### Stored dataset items
++++++
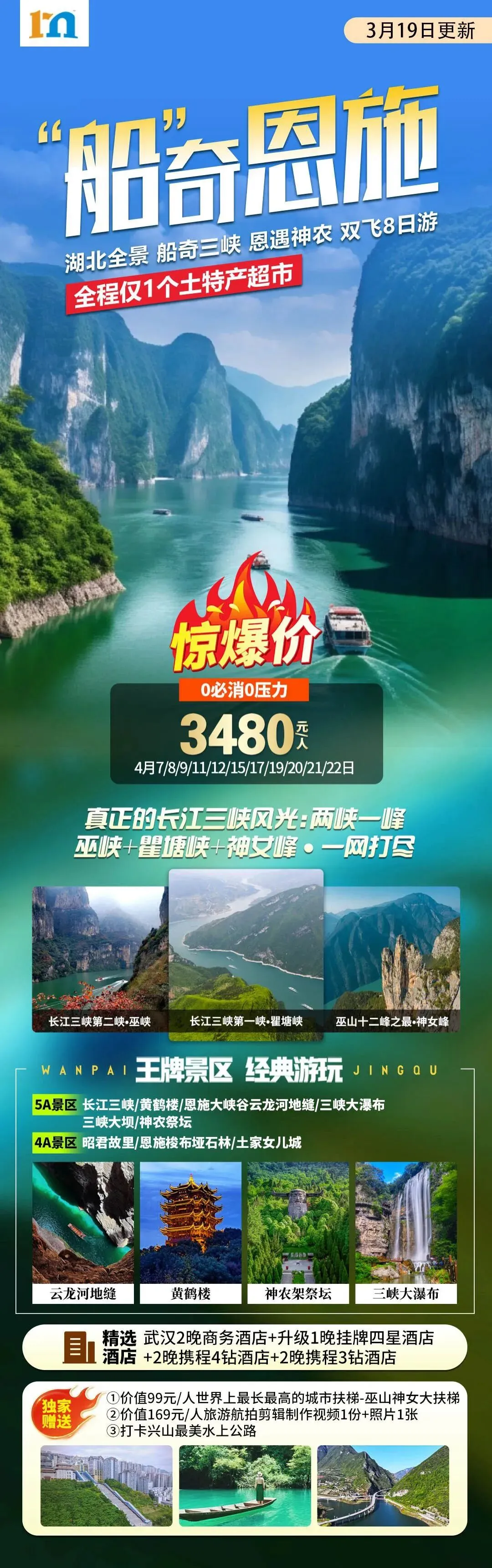 👍船奇恩施,遇上神农架武汉双飞8日游
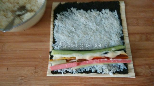 4.切好的东东摆在米饭上加上拌好的萨拉酱
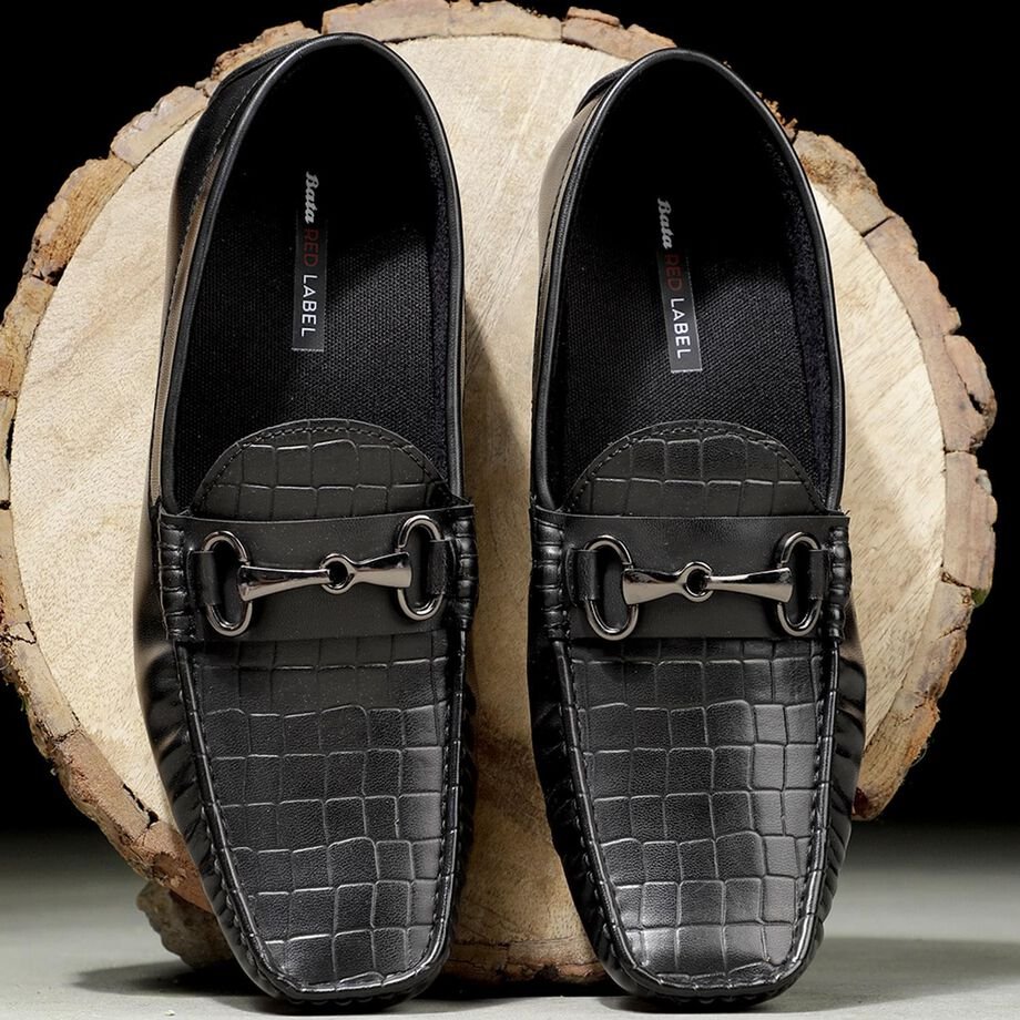 Bata red label black casual slip-on shoes for men
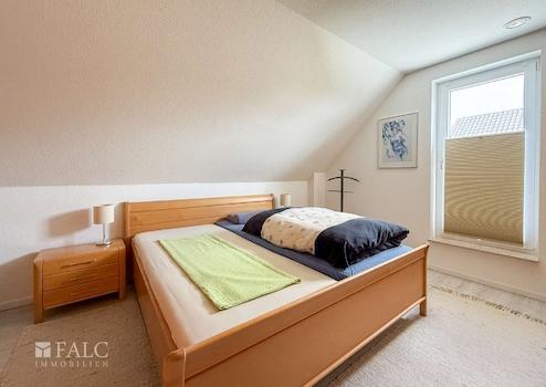 Das großzügige Hauptschlafzimmer öffnet den Blick weit ins Grüne und lädt dazu ein, jeden Morgen mit Ruhe und Gelassenheit zu beginnen.
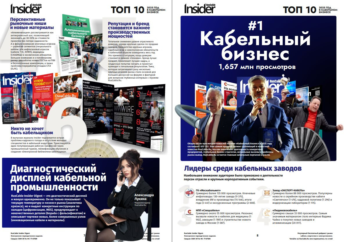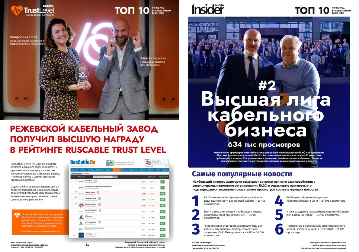 Поздравляем, мы в полном ТОПе 2025 года! Редакция RusCable Insider проанализировала 9213 новостей за 2025 год, объединила темы в сюжеты и посчитала общую статистику материалов, чтобы определить главные новости, события, тренды и персоны 2025 года. Оказалось, что за огромным массивом информации можно не просто найти «популярное», но и увидеть тренды и болевые точки кабельной отрасли. Главные итоги отрасли в одном выпуске!
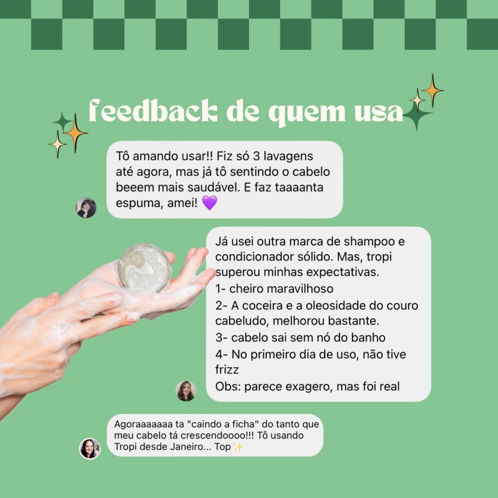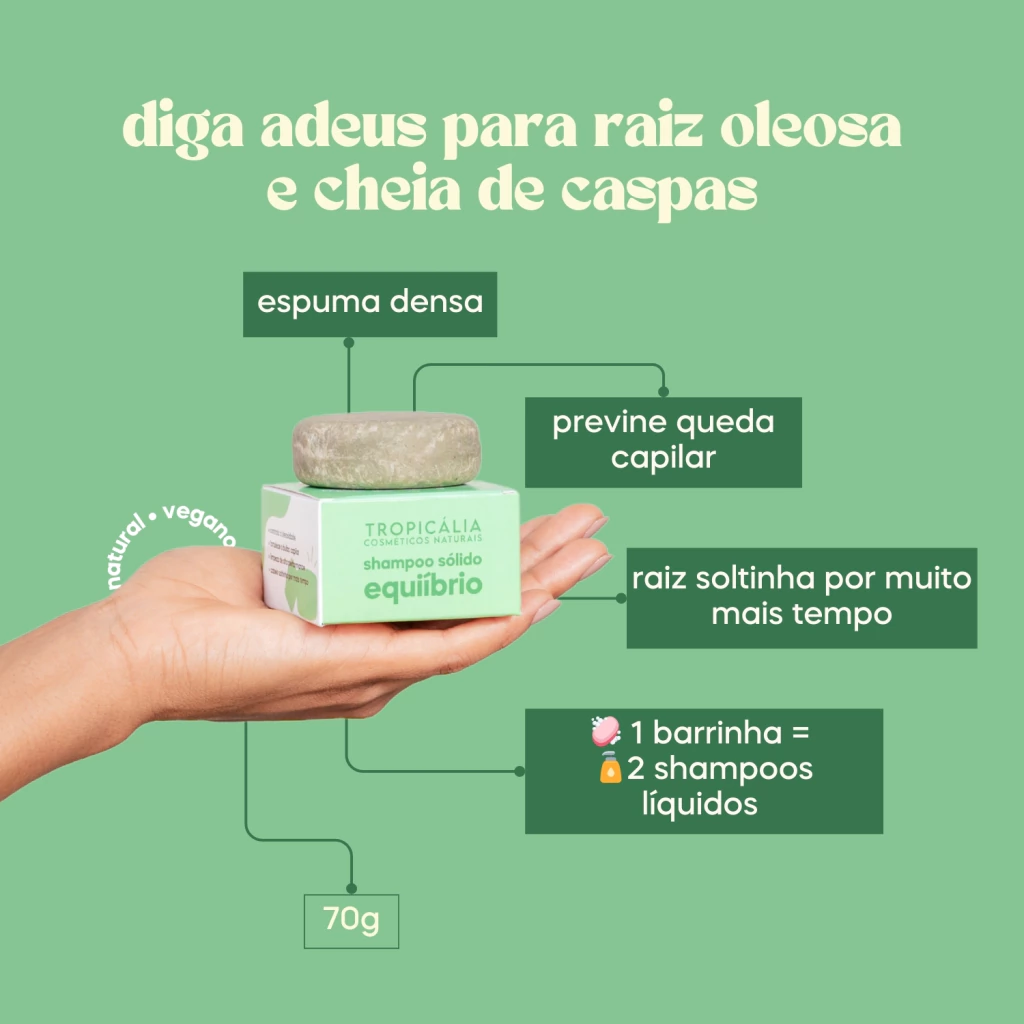 se você sente que seu cabelo fica oleoso rapidamente e sofre com caspas ou dermatite seborreica, o shampoo sólido equilíbrio da Tropi é a solução ideal! Com uma limpeza eficaz, ele controla a oleosidade sem efeito rebote, deixando os fios soltinhos e saudáveis por mais tempo.
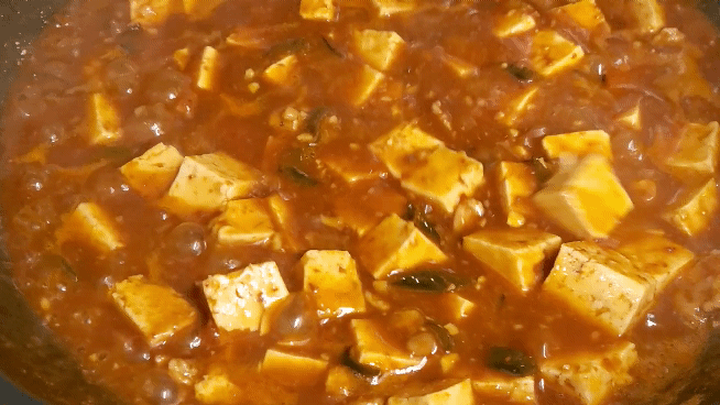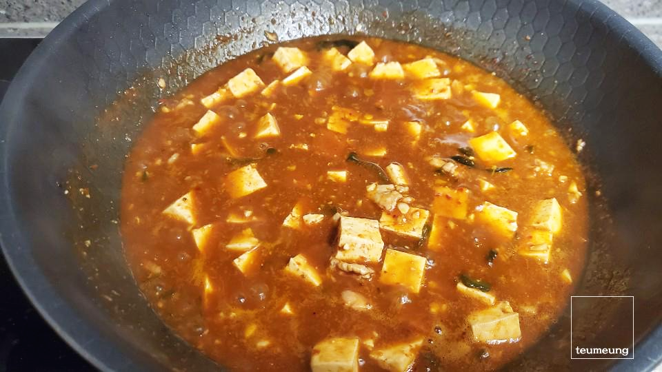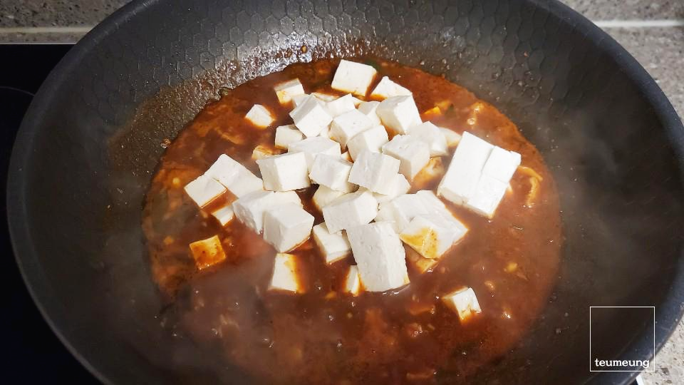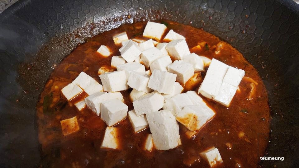 이제 하얀 두부를 넣고 끓여주면 마파두부 만들기 끝입니다.
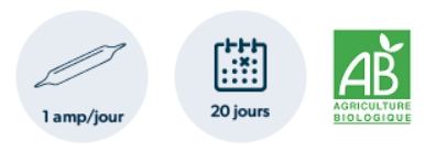 •1 ampoule par jour : à prendre le matin diluée dans un grand verre d'eau.
++++++
### WHAT NEEDS TO BE DONE
The records, exactly as written but without images, should be returned.

### RESPONSE TO THE TASK
 👍船奇恩施,遇上神农架武汉双飞8日游
 4.切好的东东摆在米饭上加上拌好的萨拉酱
 Bata red label black casual slip-on shoes for men
 Das großzügige Hauptschlafzimmer öffnet den Blick weit ins Grüne und lädt dazu ein, jeden Morgen mit Ruhe und Gelassenheit zu beginnen.
 Поздравляем, мы в полном ТОПе 2025 года! Редакция RusCable Insider проанализировала 9213 новостей за 2025 год, объединила темы в сюжеты и посчитала общую статистику материалов, чтобы определить главные новости, события, тренды и персоны 2025 года. Оказалось, что за огромным массивом информации можно не просто найти «популярное», но и увидеть тренды и болевые точки кабельной отрасли. Главные итоги отрасли в одном выпуске!
 se você sente que seu cabelo fica oleoso rapidamente e sofre com caspas ou dermatite seborreica, o shampoo sólido equilíbrio da Tropi é a solução ideal! Com uma limpeza eficaz, ele controla a oleosidade sem efeito rebote, deixando os fios soltinhos e saudáveis por mais tempo.
 이제 하얀 두부를 넣고 끓여주면 마파두부 만들기 끝입니다.
 •1 ampoule par jour : à prendre le matin diluée dans un grand verre d'eau.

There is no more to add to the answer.